(Data records)
* * * * *

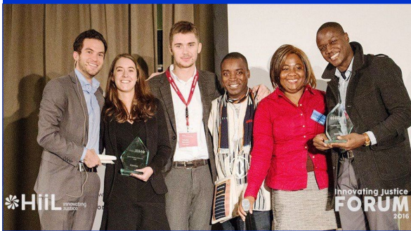
Award winners pose in a group snapshot

accelerator program that runs the Justice Innovation Challenges.
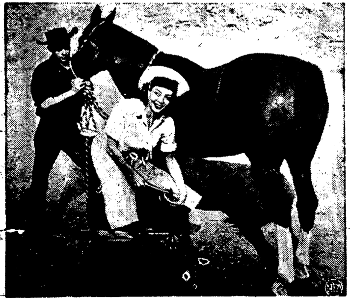
OH, SHOE, SHOE! — Actress Marie Windsor isn't just horsing around for a publicity picture — she really knows how to shoe a horse. And she can tune up a car like a garage mechanic. She picked up the skills when she lived on her parents' ranch.

Our new PRINTED PATTERN — in the season's liveliest new silhouette! It's the Empire-Sheath — all long, slender lines; cleverly banded 'neath the bosom for the new high-waisted look. Pure flattery for your figure! Printed Pattern 4789: Misses' Sizes 12, 14, 16, 18, 20. Size 16 requires 3 1/2 yards 39-inch fabric. Directions printed on each tissue pattern part. Easy-to-use, accurate, assures perfect fit. Send THIRTY-FIVE CENTS (stamps cannot be accepted, use postal note for safety) for this pattern. Print plainly SIZE, NAME, ADDRESS, STYLE NUMBER. Send order to ANNE ADAMS, 123 Eighteenth St., New Toronto, Ont.
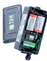
T24-AR Wireless range extender repeater module
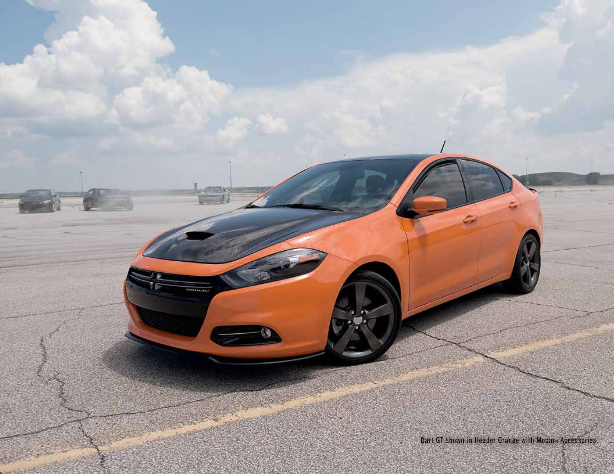
Dart GT shown in Header Orange with Mopar® Accessories.

* * * * *

▶ [Assigned task] Return only the part above that opens with the line containing "accelerator program that" and closes with the line containing "OH, SHOE, SHOE!", exactly and with both ends, skipping the pictures.

▶ [Exercise result]
accelerator program that runs the Justice Innovation Challenges.
OH, SHOE, SHOE! — Actress Marie Windsor isn't just horsing around for a publicity picture — she really knows how to shoe a horse. And she can tune up a car like a garage mechanic. She picked up the skills when she lived on her parents' ranch.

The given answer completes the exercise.